Check for Missing Values
To make detecting missing values easier (and across different array
dtypes), Pandas provides the isnull() and notnull() functions, which are
also methods on Series and DataFrame objects −
import pandas as pd
import numpy as np
df = pd.DataFrame(np.random.randn(5, 3), index=['a', 'c', 'e', 'f',
'h'],columns=['one', 'two', 'three'])
df = df.reindex(['a', 'b', 'c', 'd', 'e', 'f', 'g', 'h'])
print df['one'].isnull()
import pandas as pd
import numpy as np
df = pd.DataFrame(np.random.randn(5, 3), index=['a', 'c', 'e', 'f',
'h'],columns=['one', 'two', 'three'])
df = df.reindex(['a', 'b', 'c', 'd', 'e', 'f', 'g', 'h'])
print df['one'].notnull()
Calculations with Missing Data
When summing data, NA will be treated as Zero
If the data are all NA, then the result will be NA
import pandas as pd
import numpy as np
df = pd.DataFrame(np.random.randn(5, 3), index=['a', 'c', 'e', 'f',
'h'],columns=['one', 'two', 'three'])
df = df.reindex(['a', 'b', 'c', 'd', 'e', 'f', 'g', 'h'])
print df['one'].sum()
import pandas as pd
import numpy as np
df = pd.DataFrame(index=[0,1,2,3,4,5],columns=['one','two'])
print df['one'].sum()
Cleaning / Filling Missing Data
Pandas provides various methods for cleaning the missing values.
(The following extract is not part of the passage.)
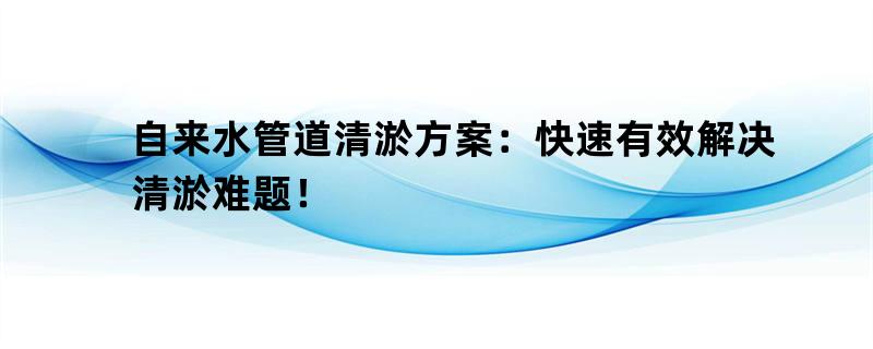 自来水管道清淤方案:快速有效解决清淤难题!

The
fillna function can “fill in” NA values with non-null data in a couple of
ways, which we have illustrated in the following sections.
Replace NaN with a Scalar Value
The following program shows how you can replace "NaN" with "0".
import pandas as pd
import numpy as np
df = pd.DataFrame(np.random.randn(3, 3), index=['a', 'c', 'e'],columns=['one',
'two', 'three'])
df = df.reindex(['a', 'b', 'c'])
print df
print ("NaN replaced with '0':")
print df.fillna(0)
Here, we are filling with value zero; instead we can also fill with any
other value.
Fill NA Forward and Backward
Using the concepts of filling discussed in the ReIndexing Chapter we
will fill the missing values.
import pandas as pd
import numpy as np
df = pd.DataFrame(np.random.randn(5, 3), index=['a', 'c', 'e', 'f',
'h'],columns=['one', 'two', 'three'])
df = df.reindex(['a', 'b', 'c', 'd', 'e', 'f', 'g', 'h'])
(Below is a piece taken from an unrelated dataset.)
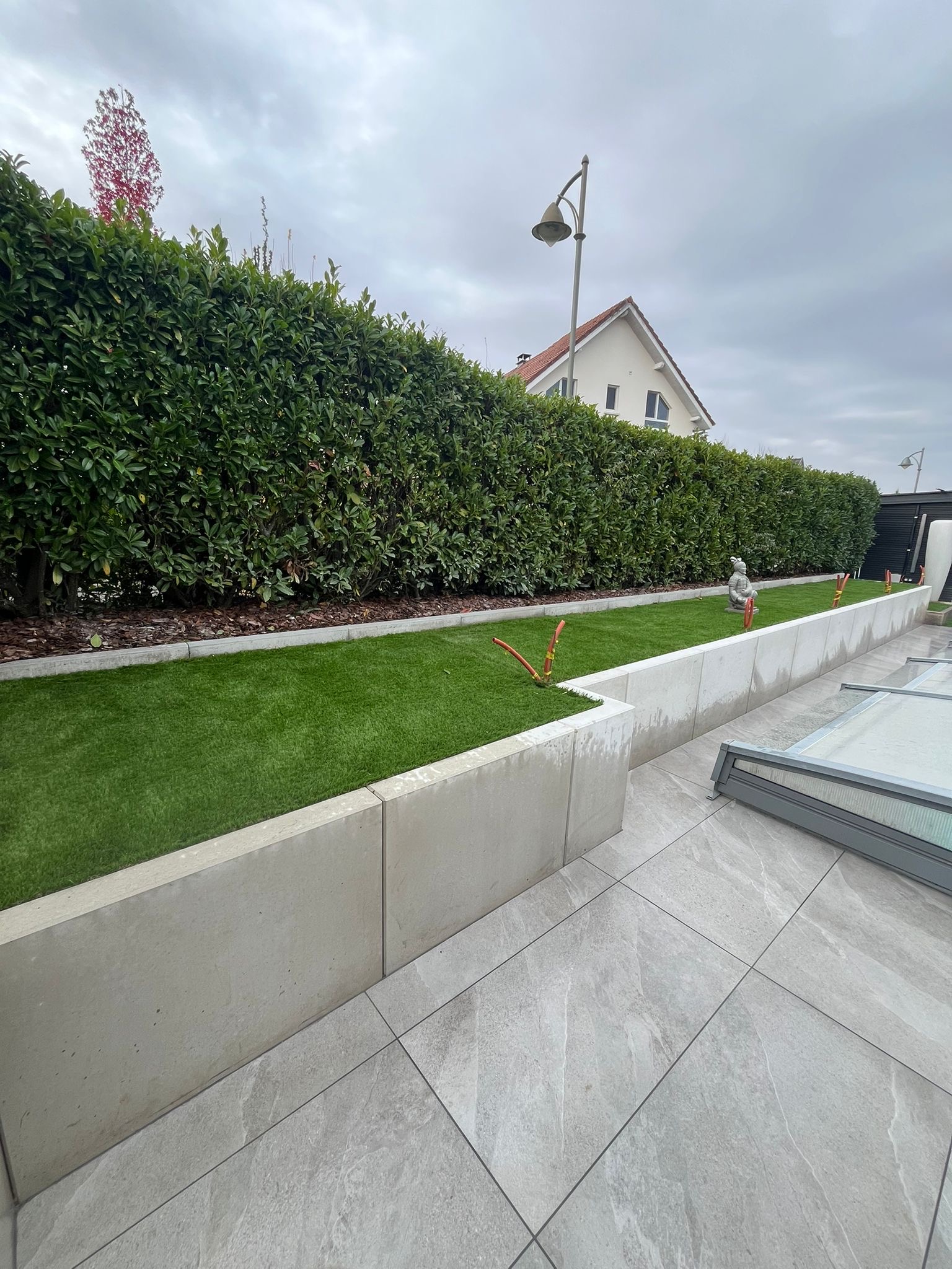 Mur en L, dallage et pose de gazon

print df.fillna(method='pad')
import pandas as pd
import numpy as np
df = pd.DataFrame(np.random.randn(5, 3), index=['a', 'c', 'e', 'f',
'h'],columns=['one', 'two', 'three'])
df = df.reindex(['a', 'b', 'c', 'd', 'e', 'f', 'g', 'h'])
print df.fillna(method='backfill')
Drop Missing Values
If you want to simply exclude the missing values, then use
the dropna function along with the axis argument. By default, axis=0,
i.e., along row, which means that if any value within a row is NA then
the whole row is excluded.
import pandas as pd
import numpy as np
df = pd.DataFrame(np.random.randn(5, 3), index=['a', 'c', 'e', 'f',
'h'],columns=['one', 'two', 'three'])
df = df.reindex(['a', 'b', 'c', 'd', 'e', 'f', 'g', 'h'])
print df.dropna()
Replace Missing (or) Generic Values
Many times, we have to replace a generic value with some specific value.
We can achieve this by applying the replace method.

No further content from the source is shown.